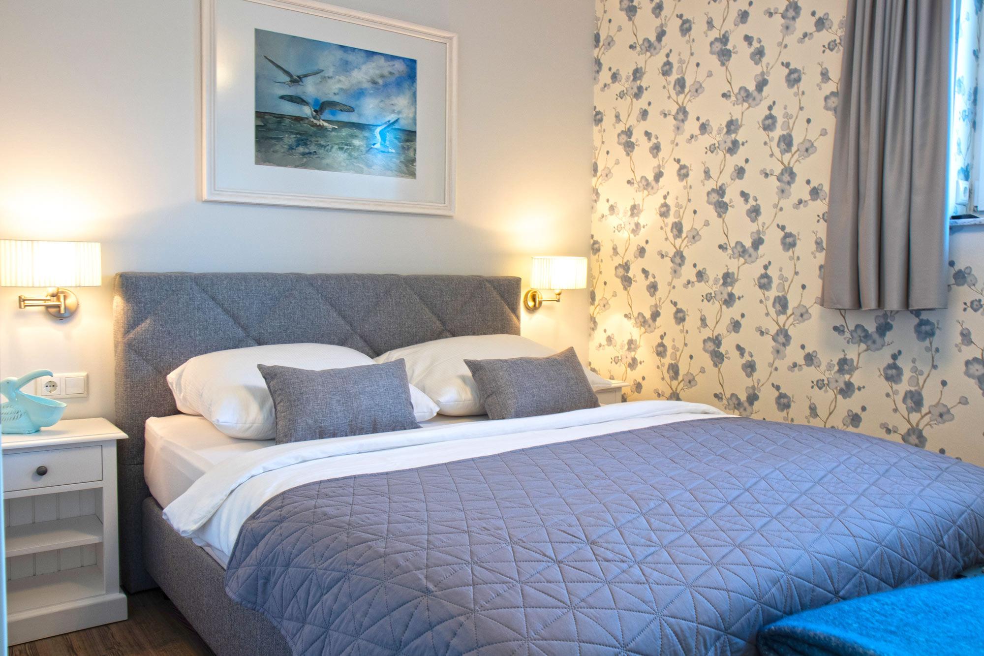 Schlafzimmer: Ruhig gelegenes Schlafzimmer mit komfortablem Doppelbett (160 x 200 cm) und lichtundurchlässigen Gardinen für erholsame Nächte
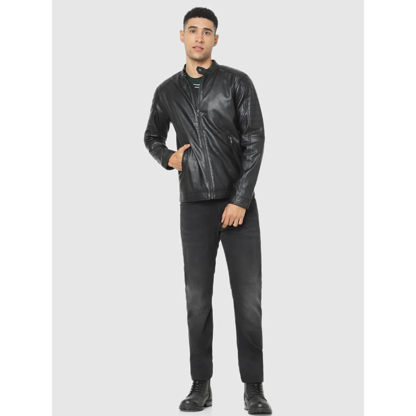 Elevate your casual look with the Celio Black Solid Regular Fit Jacket. Crafted from faux leather, this stylish long-sleeve jacket is perfect for men who seek modern comfort. Disclaimer: All other items in the image are only for display purposes and will not be a part of the delivery content. Product colour may slightly vary due to photographic lighting sources. Country of Origin - India.
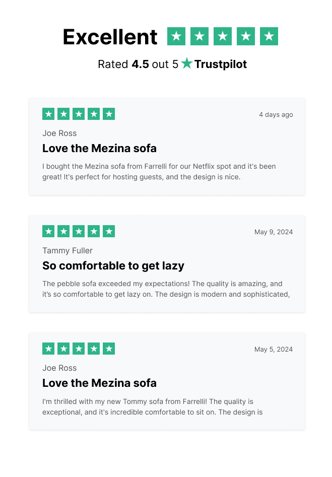 At Farrelli, we're committed to helping you bring your unique vision to life. That's why our team of expert designers is happy to offer complimentary interior design consultations to all our customers.

> [Description of the task] Every line of the data should be transcribed exactly. Omit the images.

> [Result below]
 Schlafzimmer: Ruhig gelegenes Schlafzimmer mit komfortablem Doppelbett (160 x 200 cm) und lichtundurchlässigen Gardinen für erholsame Nächte
 Elevate your casual look with the Celio Black Solid Regular Fit Jacket. Crafted from faux leather, this stylish long-sleeve jacket is perfect for men who seek modern comfort. Disclaimer: All other items in the image are only for display purposes and will not be a part of the delivery content. Product colour may slightly vary due to photographic lighting sources. Country of Origin - India.
 At Farrelli, we're committed to helping you bring your unique vision to life. That's why our team of expert designers is happy to offer complimentary interior design consultations to all our customers.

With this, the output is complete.